- Born: May 6, 1921 Kiester, Minnesota, U.S.
- Died: October 3, 2012 (aged 91) Yakima, Washington, U.S.

NASCAR Cup Series career
- 7 races run over 1 year
- Best finish: 44th (1956)
- First race: 1956 Portland 150 (Portland Speedway)
- Last race: 1956 Portland 250 (Portland Speedway)
| Wins | Top tens | Poles |
| 0 | 4 | 0 |

= Gordon Haines =

American racing driver (1921–2012)

Gordon Earnest Haines (May 6, 1921 – October 3, 2012) was an American stock car racing driver. He competed in the NASCAR Grand National Series during 1956.

==Career==
In addition to his Grand National Series career, Haines also raced in the Pacific Coast Late Model Division.
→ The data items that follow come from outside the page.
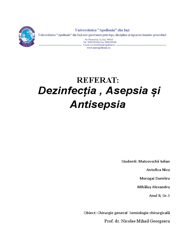 dezinfecție și asepsie, întrucit prin dezinfecție se realizenză In mare mäsură asepsia.
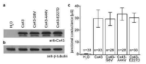 recognized Cx43. H2O injected controls did not express Cx43 as expected. Wild-type Cx43, Cx43-G8V, Cx43-
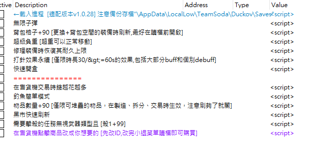 正文摘要:replyreload += ',' + 2411451; 《逃離鴨科夫》自製CE腳本 快速閱讀精華 🎒 背包空間永遠不夠用?農資源農到天荒地老?🚀 終極懶人救星: 這篇要分享的是一款超佛心的自製CE腳本(CT檔),整合了背包、任務、藥效、物品等多種修改功能!✨ 腳本亮點功能: 📦 背包秒擴充:直接增加90格背包空間,讓你盡情撿寶。💰 錢越花越多:在販賣機買東西,錢不但不減還會增加!💉 BUFF永久持續:打針吃藥效果常駐,戰力不中斷。🎯 任務一鍵完成:擊殺任務殺1隻等於完成99隻,解任超高速。🎣 釣魚變簡單:手殘黨救星,輕鬆享受釣魚樂趣。 ✅ 版本注意: 本腳本目前支援遊戲版本 v1.0.28,遊戲大更新後可能失效。🔧 CT檔優勢: 操作比裝MOD簡單,能有效避免多MOD衝突或更新造成壞檔的問題! 本文章目錄.article-toc { border: 1px solid #ddd; padding: 15px; background: #f9f9f9; border-radius: 6px; margin: 20px 0; width: 95%;}.toc-title { /* --- 以下是合併進來的 H2 樣式 --- */ font-size: 1.25em; /* 125% */ border-left: 5px solid #2A98DA; border-radius: 2px; padding: 5px 0px 5px 10px; font-weight: bold; margin: 0 0 15px 0; /* 調整了 margin,只留下方 15px */ color: #333; line-height: 1.5; background-color: #f8f8f8; /* --- 樣式合併結束 --- */}.toc-list { list-style: none; padding-left: 0;}.toc-list li { margin: 8px 0;}.toc-list a { color: #2A98DA; text-decoration: none;}.toc-list a:hover { text-decoration: underline;}.back-to-top { display: block; margin-top: 10px; font-size: 0.9em; color: #666;}一檔搞定!告別繁瑣MODdocument.currentScript.previousElementSibling.href = location.href.split('#')[0] + '#intro';重要提醒:使用前必讀document.currentScript.previousElementSibling.href = location.href.split('#')[0] + '#warning';事前準備:你需要的主程式document.currentScript.previousElementSibling.href = location.href.split('#')[0] + '#prepare';超實用腳本功能全解析document.currentScript.previousElementSibling.href = location.href.split('#')[0] + '#features';CT腳本檔案下載點 🔽document.currentScript.previousElementSibling.href = location.href.split('#')[0] + '#download';自製CE腳本常見問題Q&Adocument.currentScript.previousElementSibling.href = location.href.split('#')[0] + '#faq'; 一檔搞定!告別繁瑣MOD 你是不是也曾經為了擴充《逃離鴨科夫》的遊戲體驗,安裝了一大堆MOD,結果卻陷入MOD衝突、遊戲更新導致壞檔的惡性循環中?有時候,我們只是想要簡單地增加點背包空間、讓任務解得快一點,卻要搞得這麼複雜。 這篇攻略將為你帶來最佳解決方案!我們分享的這款自製CE腳本(CT檔),將多種最實用的功能整合在一個檔案裡。相較於安裝繁瑣的MOD,使用CT腳本操作更簡單、風險更低,不僅能避免MOD之間的衝突,也能大幅降低因遊戲更新而導致存檔損壞的機率,讓你輕鬆修改,安心遊玩! 重要提醒:使用前必讀 版本對應:本腳本是基於遊戲版本 v1.0.28 製作。如果遊戲有重大更新,腳本功能可能會完全失效。⚠️ 務必備份存檔!在使用任何修改工具前,請養成備份的好習慣。存檔路徑通常位於:`\\AppData\\LocalLow\\TeamSoda\\Duckov\\Saves`單機限定:本腳本僅限於單人離線模式下使用。在任何連線模式中使用,都可能導致您的帳號被官方封鎖,請切勿嘗試。 事前準備:你需要的主程式 要使用這個CT腳本,你的電腦必須先安裝 Cheat Engine 這款軟體。你可以把它想像成一個播放器,而CT檔就是我們要播放的「功能設定檔」。 【小知識】Cheat Engine (簡稱CE) 是一款記憶體修改軟體,而 CT 檔 (Cheat Table) 則是高手們預先製作好的腳本懶人包。我們只需要用 CE 載入 CT 檔,就能直接勾選使用各種強大功能,非常方便。 如果你電腦裡還沒有 Cheat Engine,可以從下方連結下載安裝: 《Cheat Engine》V7.6 中文化版超強記憶體解鎖工具:遊戲外掛製作神器!Cheat Engine (CE修改器) 7.5 漢化版 中文版 超實用腳本功能全解析 這款自製CT腳本的功能非常全面且實用,載入後的介面清晰明瞭。我們將所有功能整理成白話文,讓你一看就懂! 👉 GM後台版 遊戲 推薦 ⬇️⬇️⬇️ 快速玩各種二次元動漫手遊app 💰 錢越花越多:在自動販賣機買東西時,錢不但不會減少,反而會增加!買越多賺越多!📦 物品數量暴增+90:這功能超猛!僅對「可堆疊」的物品有效。當你進行製造、拆分或交易時,該物品數量會直接增加90個。刷夠了記得要關掉,免得道具多到滿出來!🎒 背包格子+90:直接幫你的背包增加90格空間。作者提醒,最好在讀取存檔前就開啟此功能,並且在更換有增加背包空間效果的裝備時,空間會自動刷新。🔫 無限子彈:讓你火力全開,盡情掃射不用擔心彈藥問題。💪 超級負重:再也不怕超重走不動!開啟後即使負重爆表也能正常移動。💉 打針藥效永續:對於持續時間為30秒或60秒以上的效果(包含大部分增益Buff和少數負面Debuff),效果會變成永久持續。🎯 擊殺任務加速器:需要打怪的任務,開啟後無視指定的武器類型,而且只要擊殺1隻就等於完成了99隻的進度,解任務效率大爆發!🛠️ 修理恢復耐久上限:修理裝備時,不只恢復當前耐久,連最大耐久度上限都會一併修復。🎣 釣魚簡單模式:讓釣魚小遊戲變得超級簡單,輕鬆成為釣魚大師。✨ 快速開盒:開啟各種箱子、容器的速度變快,搜刮物資更有效率。🏪 自訂販賣機商品:想在販賣機買到特定商品?先去物品ID網站查好代碼,在腳本中修改ID,然後回到遊戲主選單再讀取存檔,就能購買你想要的任何東西! CT腳本檔案下載點 🔽 準備好體驗神仙般的鴨科夫生活了嗎?點擊下方連結下
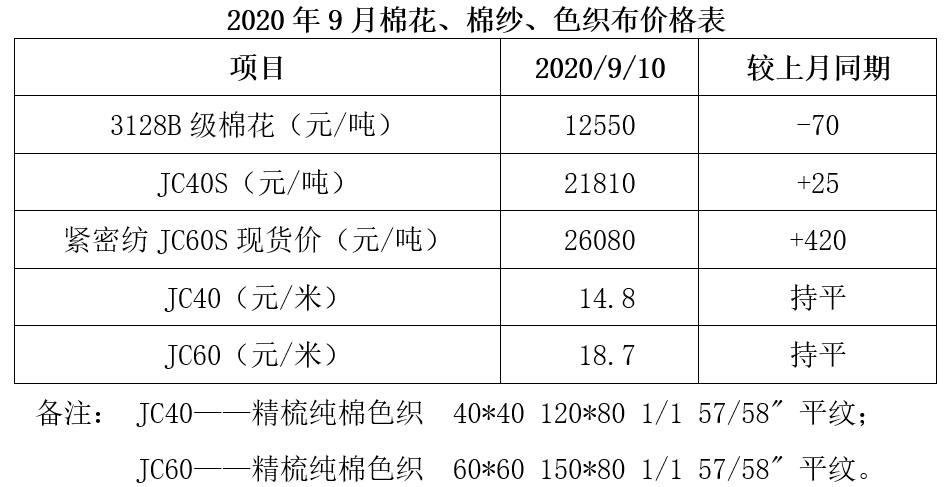 近一个月以来,国内棉花期、现货价格先涨后跌;纱线市场略有好转,交易逐渐增加,高支纯棉纱价格上涨明显;色织市场整体有所升温,订单增加,开机率逐渐回升,产品价格基本持稳。
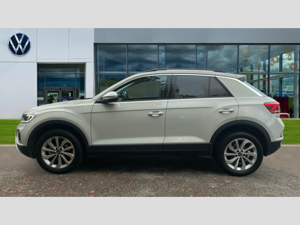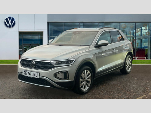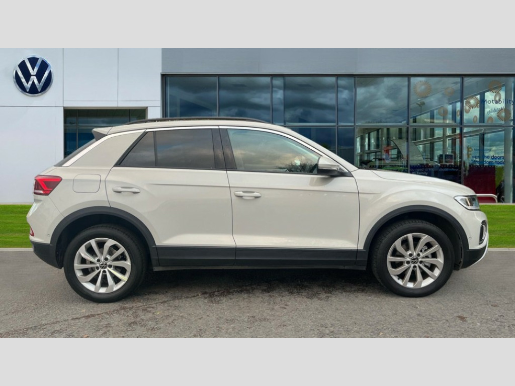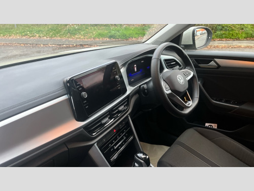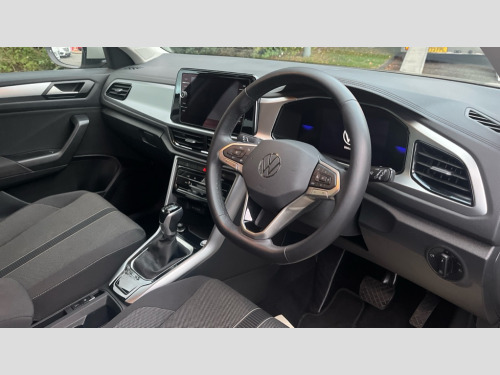 Volkswagen T-Roc 1.5 TSI Match 5dr DSG Advanced driver attention and drowsiness monitor, Dynamic road sign display, Emergency call service, Lane keeping system Lane Assist, Mobile phone interface, Modified key software - reduce switch off time for key status change to Long no motion, Online services, Park assist including front and rear parking sensors, Power assisted speed sensitive steering, Rear view camera, Service interval indicator, Tailgate/trunk lid release from outside, Think blue trainer driver tips and journey analysis, Warning sound and light for front seatbelts unfastened, Wireless app connect, Wireless Smartphone charger, Battery regeneration during braking, Front shock absorption, Rear shock absorption chassis with increased ride height, Start/stop function with battery regeneration, DAB Digital radio, Diversity antenna for FM reception, Front and rear 6 speakers, Music playback - MP3, WMA and AAC files, Premium USB cable in choice of either Apple or Android smartphone compatibility, SD card slot, Simultaneous pairing of 2 compatible mobile devices, Title and cover art display, We Connect and We Connect Plus functionality, Auto dimming interior rear view mirror, Automatic hazard lights activation under emergency braking, Automatic headlight control with LED separate daytime running lights with coming/leaving home function, Black roof rails, Body coloured bumpers and radiator grille with chrome trim and front fog lamps with chrome bezel, Body coloured exterior mirror housings and door handles, Electrically adjustable and heated door mirrors, Extended roof spoiler, Exterior mirrors aspherical on driver side, convex on front passenger side, External USB type C socket and charging sockets, Front windscreen wiper with intermittent wipe and 4 position delay, Heated rear window, LED 3rd brake light, LED rear combination lamps, LED rear number plate lights, Power windows with comfort operation and circuit breaker, Privacy glass for rear side windows and rear window, Rain sensor, Rear exhaust tailpipe, Rear fog light on one side and reversing lights on both sides, Rear side wing doors, Rear wash/wipe with intermittent wipe setting, Remote electrically foldable door mirrors, puddle lights and reverse activated passenger's door mirror, 12V power socket in centre console, 3 rear head restraints, 3 seat bench in 2nd row, 4 load lashing points in luggage compartment, Air care climatronic air conditoning system with active combination filter and 2-zone temperature control, Black stitching for floor mats, Ceramique roof liner, Cloth upholstery, Door and side trim panel in cloth, Drawer under drivers seat, Driver/front passenger seat height adjustment, Front centre armrest, Front comfort sports seats, Front cupholders x 2, Front reading light, Front seat back storage pockets, Glove compartment door with light, Instrument lighting, white adjustable panel illumination, Interior ambient lighting and surround lighting, Interior light delay, Isofix child seat preparation, Leather gearshift handle, Load-through provision with cup holder when folded down ('Unsplit rear seat bench, split folding backrest, with centre armrest), Luggage compartment lighting, Lumbar support for driver's and front passengers seat, Non-folding front passenger seat backrest, Single front passenger seat, Storage compartment in left and right luggage area, Storage compartment in rear doors, Storage compartments in driver and front passenger doors, Sunvisors with illuminated vanity mirrors, Variable boot floor, height adjustable and removable, Driver assistance pack without proactive passenger protection - T-Roc Life/Match, 3 point height adj front seatbelts + pretensioners, 3 point seatbelts in outer rear with ECE label, ABS, Child locks on rear doors, City emergency braking and pedestrian monitoring, Driver and front passenger airbag with front passenger airbag deactivation, Driver and front passenger safety-optimised head restraints, Drivers seatbelt reminder, Electronic parking brake, Electronic Stability Control (ESC) inc EDL (Electronic Differential Lock) and ASR (Traction Control), Front and rear passengers curtain airbag system including front side airbags, Front disc brakes, Hill start assist, Predictive pedestrian protection, Rear disc brakes, Two tone horn, Tyre pressure loss indicator, Volkswagen roadside assistance, Alarm with interior protection, Pewter matt decorative inserts for intrument panel, centre console and door panels at the front, Trims for alloy wheels
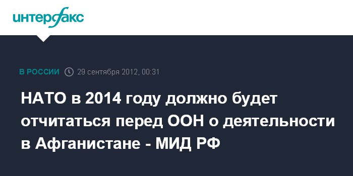 НАТО в 2014 году должно будет отчитаться перед ООН о деятельности в Афганистане - МИД РФ
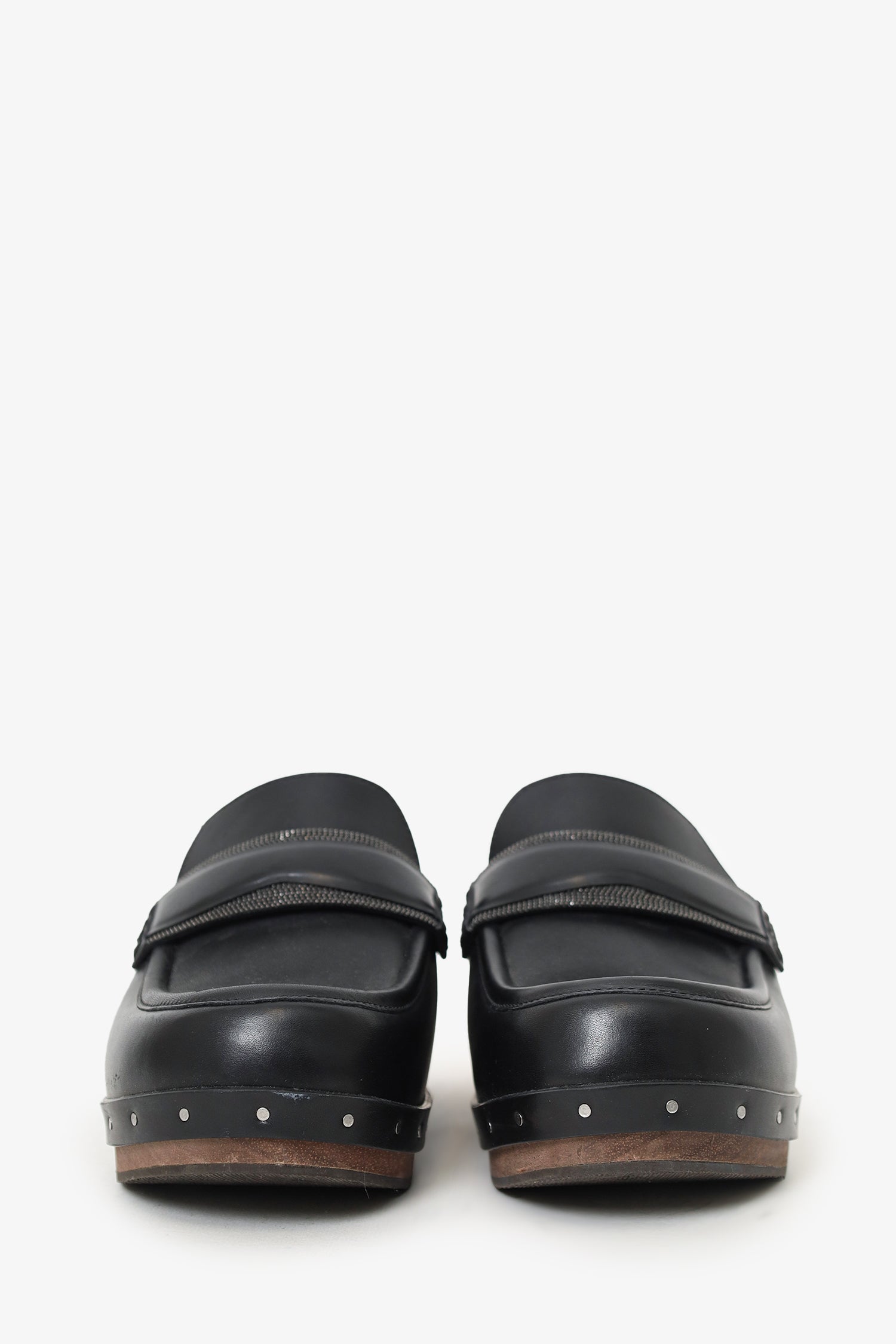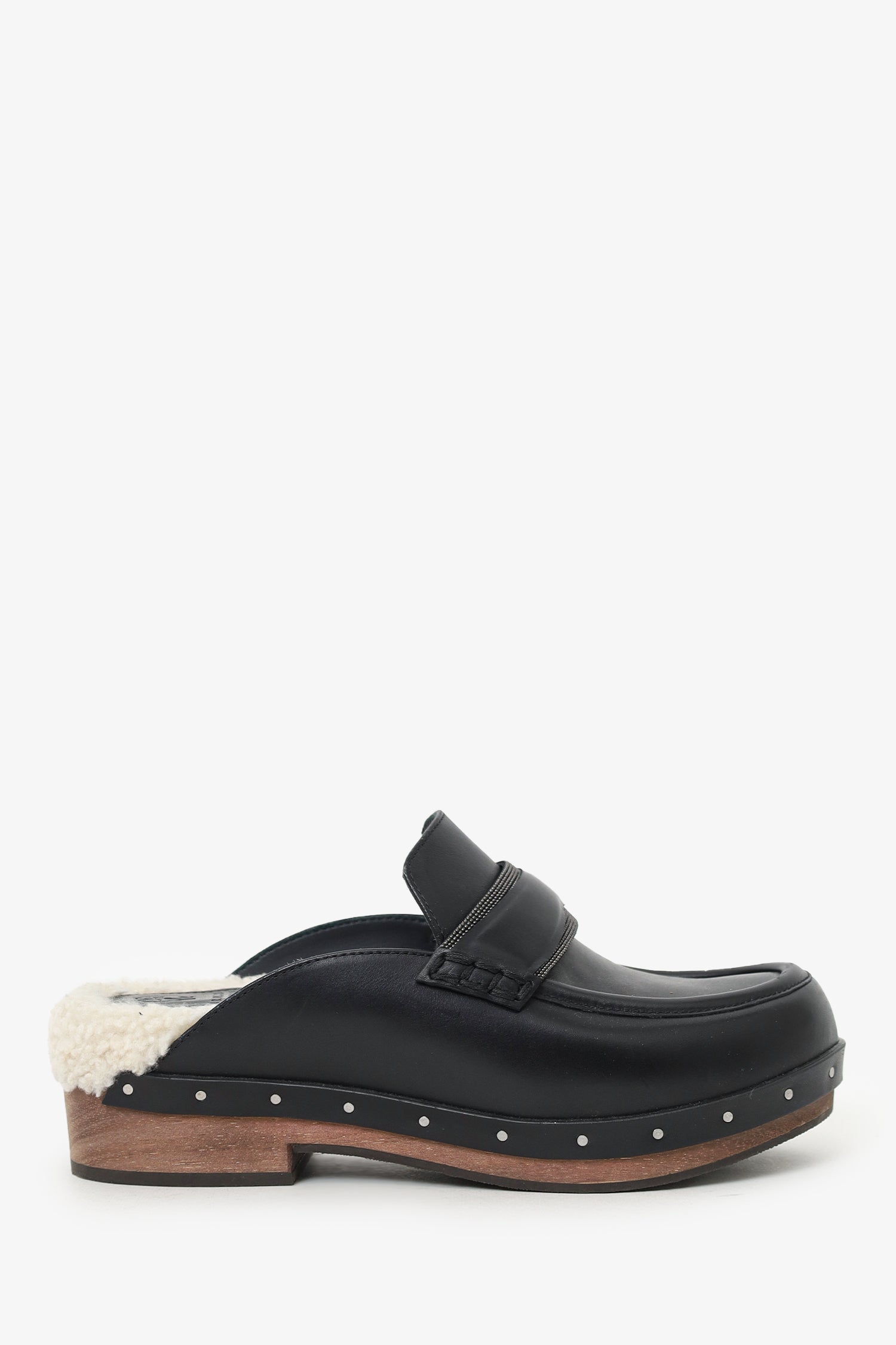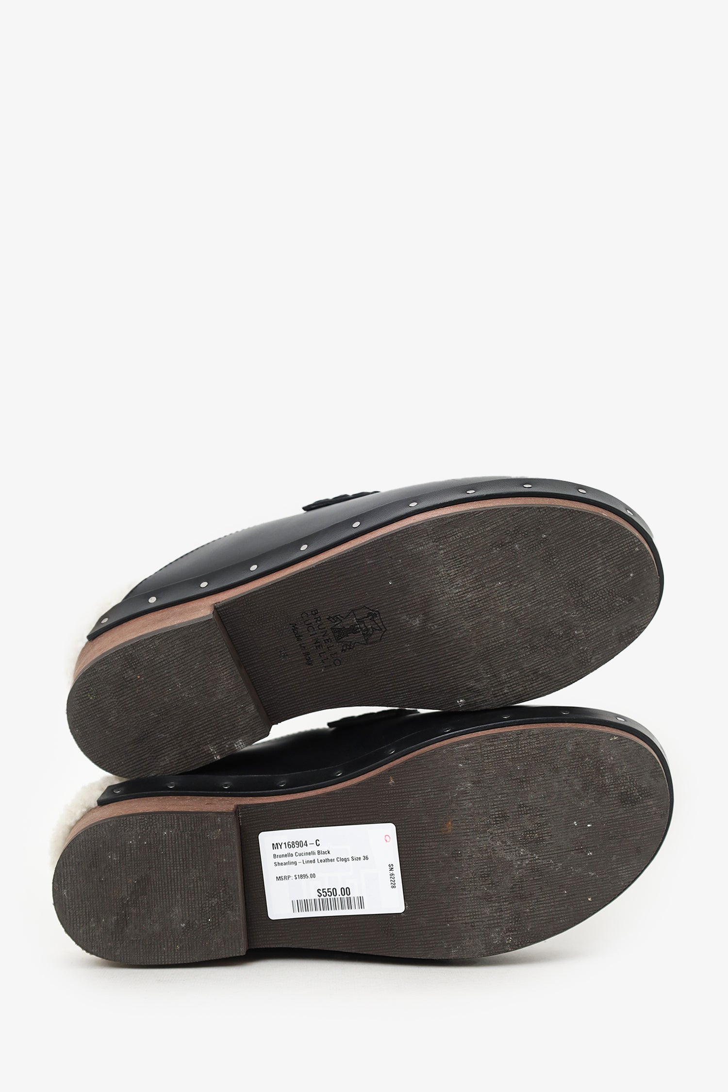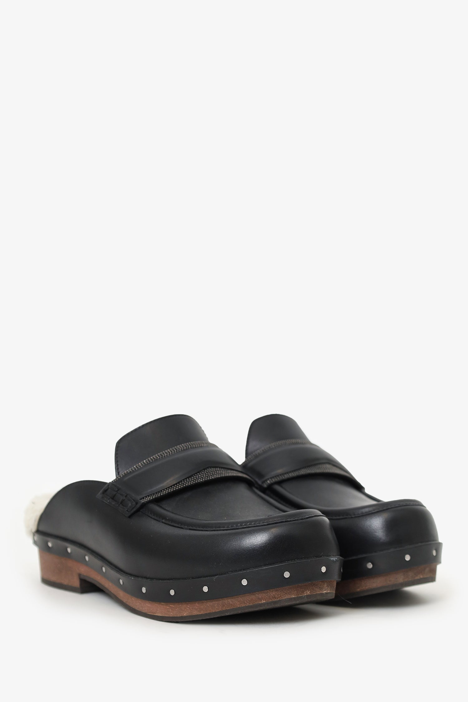 Brunello Cucinelli Black Shearling-Lined Leather Clogs Size 36

He competed in seven Grand National events in his career, earning four top-tens. All of those races came in 1956, when Haines finished 44th in points. Haines was good right out of the gate, finishing three laps down in ninth place at Portland Speedway. Haines then drove to a career-best second-place effort at Eureka. Mechanical failures left Haines out of the next two races, but then he finished fourth at Sacramento and ninth at San Mateo in his final three races to close out his career, finishing 15th in his final race, at Portland.

Haines worked at Bi-Rite Motors in Yakima, Washington for many years.

==Personal life==
Haines was born in Kiester, Minnesota and served in the United States Marine Corps. He died in Yakima, Washington, where he had made his long-time home, on October 3, 2012.